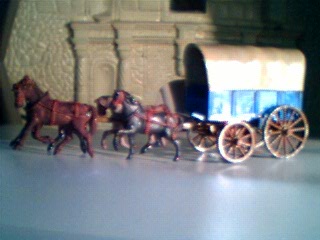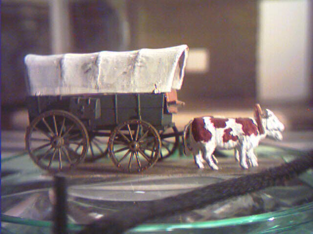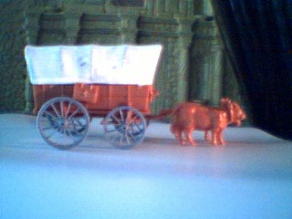 Recalling the old Athearn model kit of the same subject (‘O’ scale I think)or even the Marx 1/32 versian, the bullock propelled imex wagon is a gem filled with potential for many periods and uses.
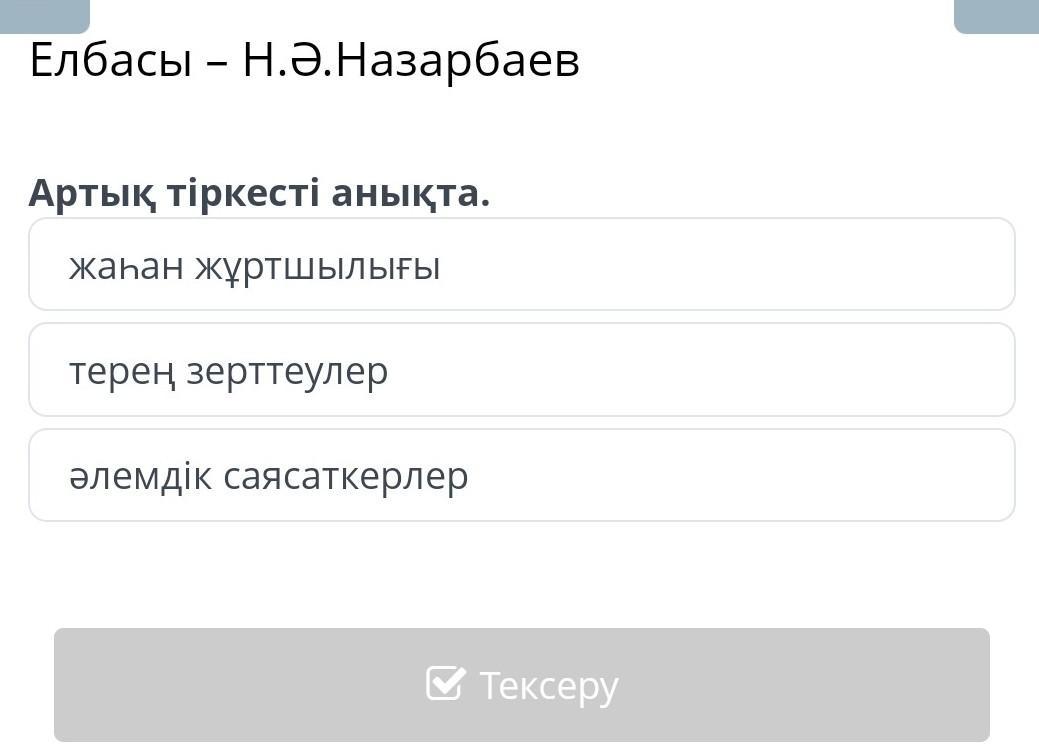 Елбасы – Н.Ә.Назарбаев Артық тіркесті анықта. терең зерттеулер әлемдік саясаткерлер жаһан жұртшылығы Артқа Тексеру
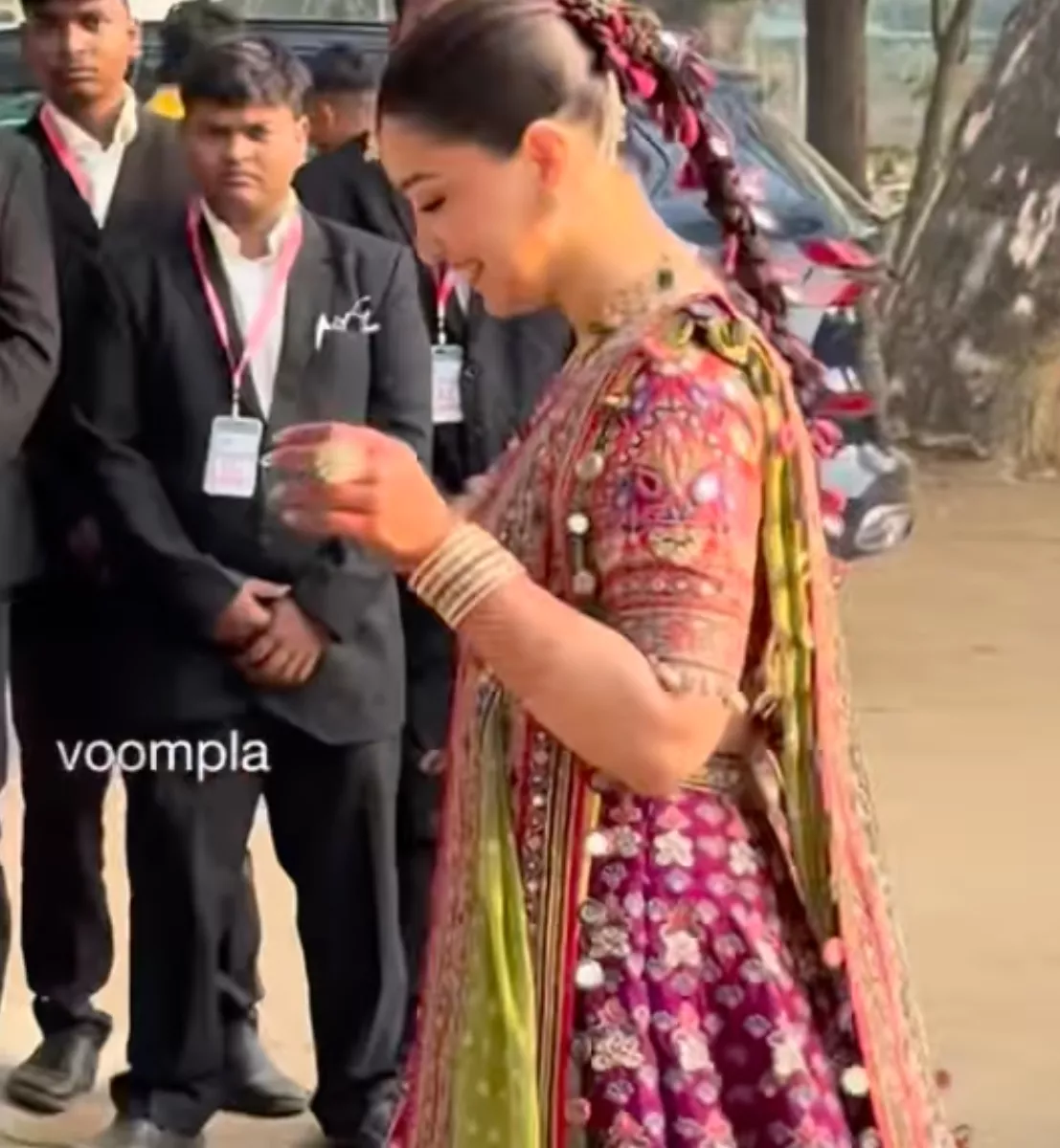 The bride-to-be, Saaniya, was dressed up in a gorgeous silver mirror-work lehenga with a pink-hued net dupatta. However, the highlight of her look was her heavy kaleeras which made her stand out from the crowd. It is worth mentioning that kaleeras are the ornaments that are worn by a Punjabi bride on the day of the wedding. On the other hand, her groom looked handsome in a contrasting beige-hued sherwani. Anjali wore a purple-hued sharara while Sachin Tendulkar donned a green-hued kurta-pyjama with a floral jacket.

(Instructions for the task): Reproduce the data above line for line, from its first line through the line containing "Елбасы – Н.Ә.Назарбаев", both ends included, with the pictures omitted and nothing more.

(Exercise response):
 Recalling the old Athearn model kit of the same subject (‘O’ scale I think)or even the Marx 1/32 versian, the bullock propelled imex wagon is a gem filled with potential for many periods and uses.
 Елбасы – Н.Ә.Назарбаев Артық тіркесті анықта. терең зерттеулер әлемдік саясаткерлер жаһан жұртшылығы Артқа Тексеру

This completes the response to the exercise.